Five years ago, but it came back like yesterday. He said,

“Why did you let me go?”

“How could I keep you?”

“You didn’t try.”

“No-I didn’t try. I didn’t want to keep you if you wanted to go.”

He was silent, because he couldn’t say, “I didn’t want to go.” He had known Elizabeth all his life, and Marjory for three short weeks. At twenty-three it is the new, the unexpected, the unknown, which evokes romance. If the enchanted distance turns upon nearer view into a desert, you have only yourself to thank. Marjory hadn’t changed-he had always had to remind himself of that.

He found himself leaning forward, his hands between his knees, words coming at first jerkily and then with a rush.
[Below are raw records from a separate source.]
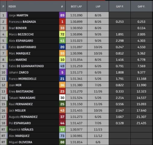 Bagnaia protagonizaba un increíble adelantamiento que casi lo situaba en la cabeza de carrera; sin embargo el piloto de Ducati se abría y regresaba a la tercera posición. Binder, mientras, era incapaz de superar a Martín. El piloto del Pramac Ducati cruzaba la línea de meta en primera posición, con Binder y Bagnaia completando el podio. Sin embargo, Binder era penalizado con una posición al haber pisado el verde en la última vuelta, lo que daba al italiano el segundo lugar.
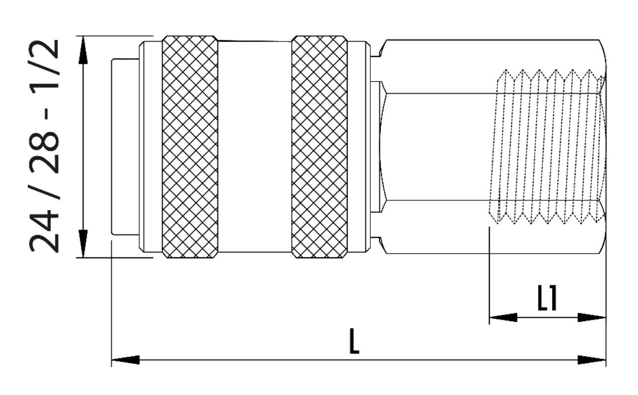 - Kupplung mit Entriegelungshülse zum Ziehen.
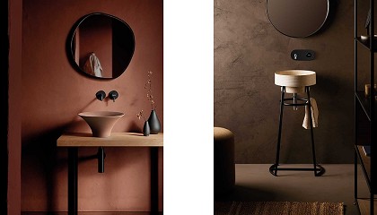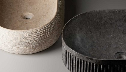 stone, metallic, wood y cement– presentan lavabos en diversos materiales, mientras que las tres últimas –texture, atelier y goldsilver & swarovsk– se enfocan en aplicaciones de porcelana con distintos acabados y diseños

“It wasn’t her fault, you know. I was damnable to live with-and the baby died-she hadn’t got anything. Money was tight. She’d been used to having a good time-lots of people to go about with. I couldn’t give her anything to make up for it. The flat was so cramped-she hated it. I was always away, and there wasn’t any money, and when I was there I was in a filthy temper. You can’t blame her.”

“What happened, Carr?”

“I was sent to Germany. I didn’t get demobbed till the end of that year. She never wrote much, and then she didn’t write at all. I got leave, and came home to find strangers in the flat. She’d let it. No one knew where she was. When I got home for good I tried to trace her. I took on the flat again, because I had to live somewhere and I’d got this job in a literary agency. A friend of mine started it-Jack Smithers. You remember, he was up at Oxford with me. He was crocked in the war, and got away with this business before the ugly rush.”

Elizabeth said, “Yes?”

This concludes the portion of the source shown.